VERSO 12: Meu querido rei Rahūgaṇa, enquanto alguém não tiver a oportunidade de untar todo o seu corpo com a poeira dos pés de lótus dos grandes devotos, ele não entenderá a Verdade Absoluta. Ninguém pode compreender a Verdade Absoluta só porque observa o celibato [brahmacarya], segue à risca as regras e regulações da vida familiar, deixa o lar ao se tornar vānaprastha, aceita sannyāsa ou se submete a rigorosas penitências no inverno, ficando submerso em água ou, no verão, expondo-se ao fogo e ao calor escaldante do sol. Existem muitos outros processos para entender a Verdade Absoluta, mas a Verdade Absoluta revela-Se apenas a quem recebeu a misericórdia de um devoto grandioso.

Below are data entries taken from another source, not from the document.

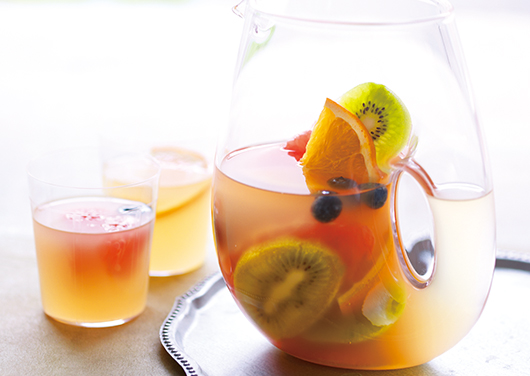 ピッチャーにカットしたお好みのフルーツを入れ、飲む酢ゆず100mlと白ワイン400mlを注ぎます。水割りにすればノンアルコールでもお楽しみいただけます。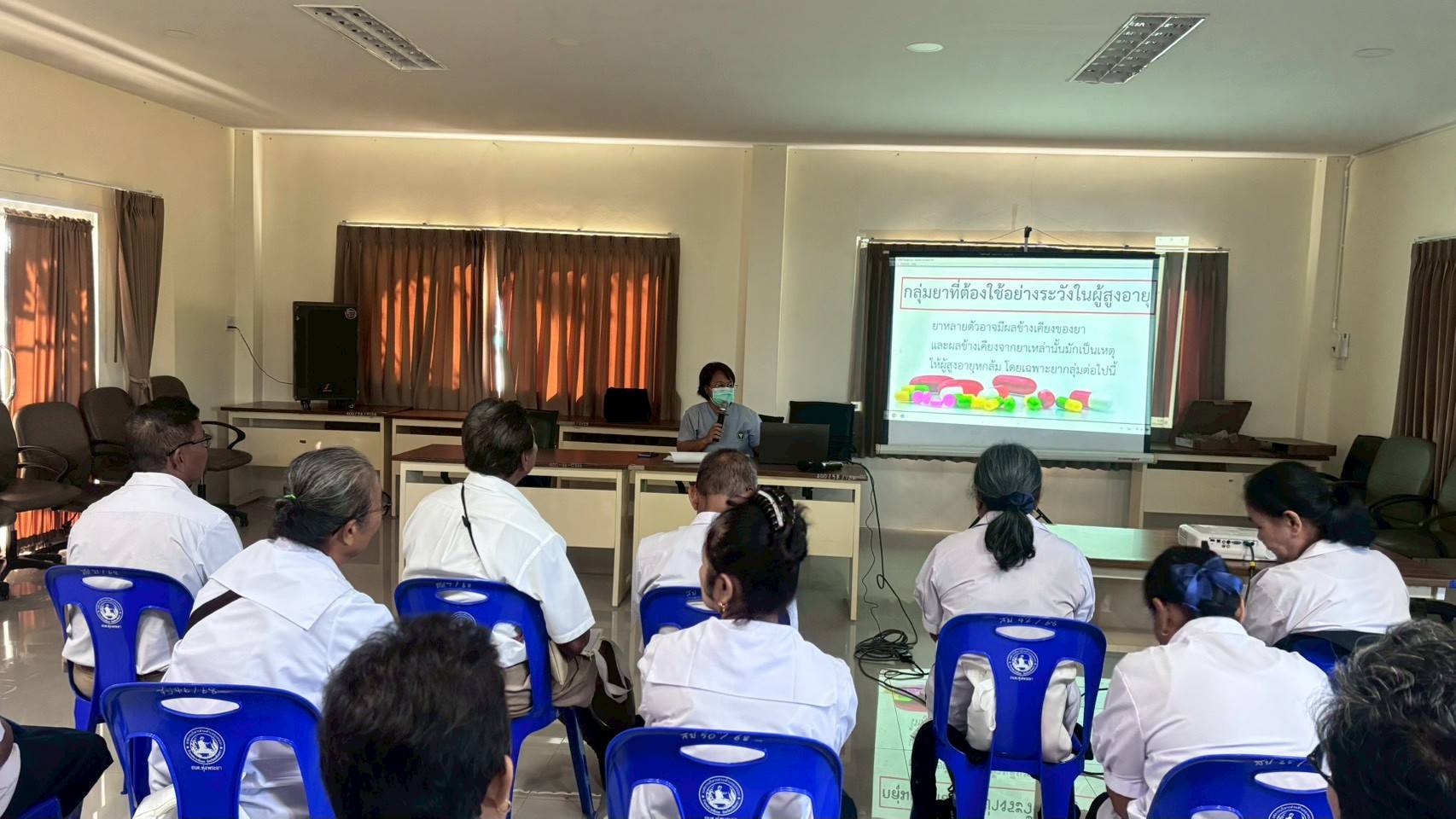 - วิชาข้อควรระวังในการใช้ยาในผู้สูงอายุ พร้อมยกตัวอย่างยาที่ต้องระวังเป็นพิเศษ และเปิดโอกาสให้ซักถามปัญหาในชีวิตประจำวัน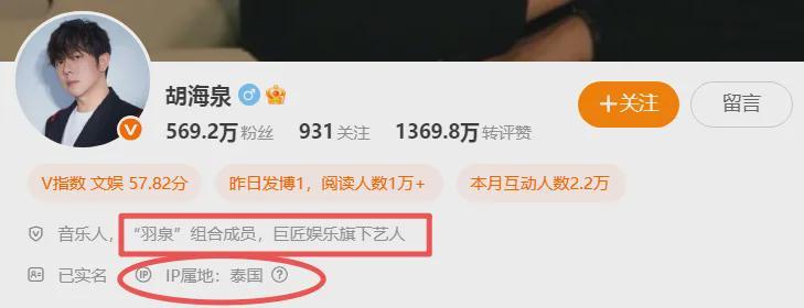 巧的是,胡海泉的IP地址也在泰国,不清醒的粉丝已经开始幻想两人曼谷合体。老实说,若真合体,胡海泉也会惹争议。陈羽凡是违法劣迹艺人,若胡海泉选择在公开场合合体,就是牺牲自己的职业生命,也让当初不知情的切割成为笑话。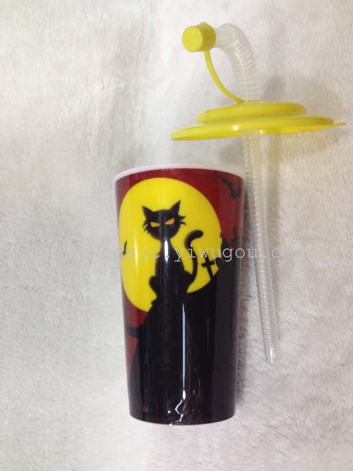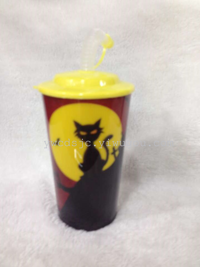 Vasos de plástico de una sola planta con tapa, vasos de agua para estudiantes, vasos de bebidas para halloween, vasos de necesidades diarias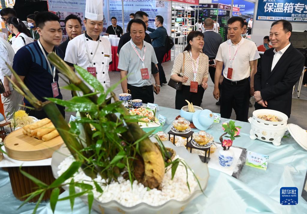 5月18日,參觀者在2023福建八閩文化主題宴席“建州筍宴”展位前參觀。

VERSO 13: Quem são os devotos puros mencionados neste trecho? Em uma assembleia de devotos puros, é incogitável que se comentem tópicos materiais, como política ou sociologia. Em uma assembleia de devotos puros, fala-se apenas sobre as qualidades, formas e passatempos da Suprema Personalidade de Deus. Ele é louvado e adorado com toda a atenção. Na companhia de devotos puros, em decorrência de ouvir esses tópicos constantemente e com uma postura respeitosa, mesmo quem deseja fundir-se na existência da Verdade Absoluta abandona essa ideia e, pouco a pouco, apega-se a prestar serviço a Vāsudeva.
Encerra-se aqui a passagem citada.